You can get rid of your cellulite, eye-bags and bulges. Increase your bosoms, reduce your waist line. Peel or plump your skin (yes – I know – I too thought that was a recipe for chicken). You can glow, shimmer, shine, enhance, entrance. There are ways to feel revitalised, youthful, happier, more confident. Frankly you should have been GETTING READY FOR SUMMER 2013 from about September 1st 2012 if not before.

By now you should definitely be getting your Bikini Body ready. I have mine in the shed behind the lawnmower just waiting for July. I believe in being prepared for the summer – I do – I do (sorry I just morphed into Peter Pan). God forbid that I or anyone else should be caught out by SUMMER not looking PREPARED.

Some of you I fear may be screaming ‘Hypocrite’ at this blog right now. And yes, I cannot lie. I have not been to a hairdresser since about 2004. I have not dyed out the grey in my hair nor have I straightened it. That is not because I cannot be bothered – perish the thought -nor is it because I have an uneasy feeling that ageing in relative comfort is fast becoming an undervalued luxury. It is a little known fact that hair straighteners and hair chemicals are actually illegal in this part of Northumberland.

 When I was young and did as I was told, my mum took me to an afro-hair salon where my hair was straightened with ‘relaxing’ chemicals. Never have I experienced anything less relaxing.
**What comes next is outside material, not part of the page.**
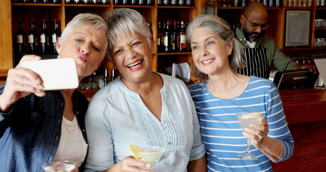 Three middle-aged women capturing a joyful moment together at a bar, enjoying beverages and camaraderie. Their expressions highlight a friendly and casual gathering, ideal for presentations on friendship, social activities, lifestyle content, or promotions for bars and social events.

The stuff literally burns the scalp. I remember one veteran torturer telling me proudly after applying the ammonia stinking, eye-watering concoction, ‘when you can’t stand the burning any longer you’re ready’ - OMG.

Anyway – I’m wandering off the beaten track, as usual.

So, the hair is as it is for reasons of legality / cowardice / lack of motivation. My summer body is ready as long as the mice haven’t eaten it. I bought a skirt from Oxfam so the summer wardrobe is sorted – although frankly the way the forecast is looking, that may have been a massive overspend. I have skin sufficient to cover me up. My summer hips and thighs and waistline will be covered by the afore-mentioned skirt so that’s ok.

Nowhere but nowhere could I see information on what to do with one’s toes.

Do they need botox? Do they require straightening? Are they too fat, small, un-tanned, un-toned? There was not a single celebrity drooling over her silicon toe implants and explaining how they changed her life, got her a better bloke / acting role / somewhere to rest her tea.

Who is taking the lead on toes? I can’t sleep for worrying about it. Are mine like everyone else’s? Should I get them plucked or buffed? I’ve no idea what to do with them. At this rate they will end up just sort of there -sticking out of the ends of my feet!